A real MCP dashboard answers four questions immediately:

  • Are calls succeeding? Success rate, total events, total failures.
  • Are calls fast? p95 latency, split into the part the gateway controls and the part the upstream controls.
  • Where are failures originating? Client (bad request, missing token), auth (rejected credential), upstream (third-party service returned an error), or gateway (your own infrastructure).
  • What’s actually being called? Top capabilities (tools, prompts, resources) by call count, error rate, and p95, plus the breakdown by MCP method (tools/call, tools/list, initialize, prompts/list, resources/list, notifications/initialized, ping, and so on).

The three event families

Zuplo’s MCP Gateway emits typed events that fall into three families, and the same three families are a useful organizing principle even if you’re rolling your own:

  • Requests — The MCP request lifecycle: a request received, validated, completed, or rejected. This is your traffic volume and success-rate signal.
  • Capabilities — Capability invocations (tool, prompt, or resource): listed, invoked, completed, or failed. This is your “what is the agent actually doing” signal.
  • Auth — The full upstream OAuth flow: tokens validated, rejected, refreshed, or revoked. This is the signal that catches “agents are integrated but credentials are wrong.”

A healthy MCP server typically shows Requests as the bulk of events (around three-quarters), with Capabilities and Auth making up the rest. If Auth dominates, you have a credential problem. If Capabilities is unusually low relative to Requests, agents are connecting but not actually invoking tools.

Failure origins, not just failure rates

A 4% error rate on tools/call tells you something is wrong. A 4% error rate broken down by origin tells you who needs to fix it:

  • Client — The agent sent malformed arguments, a missing token, or an invalid request. The client owns the fix.
  • Auth — The auth layer rejected the credential (invalid token, expired token, revoked token, missing scope).
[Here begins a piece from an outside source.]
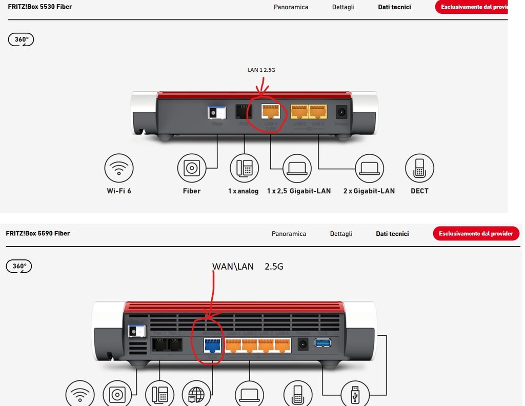 OpenFritz Trova le differenze (dal sito Fritz) Nel 5530 manca la parte WAN a 2.5, è per quello che dall'interfaccia web non ti fa mettere più di 1000

Either the agent’s credential needs renewal, or you have a misconfigured access policy.
  • Upstream — The third-party MCP server or backend service returned an error. The upstream owns the fix; you can only retry or fall back.
  • Gateway — Your own gateway returned the error. You own the fix.

Documented problem codes attached to each error — missing_token, invalid_token, expired_token, revoked_token, upstream_error — let MCP clients recover automatically rather than retrying blindly.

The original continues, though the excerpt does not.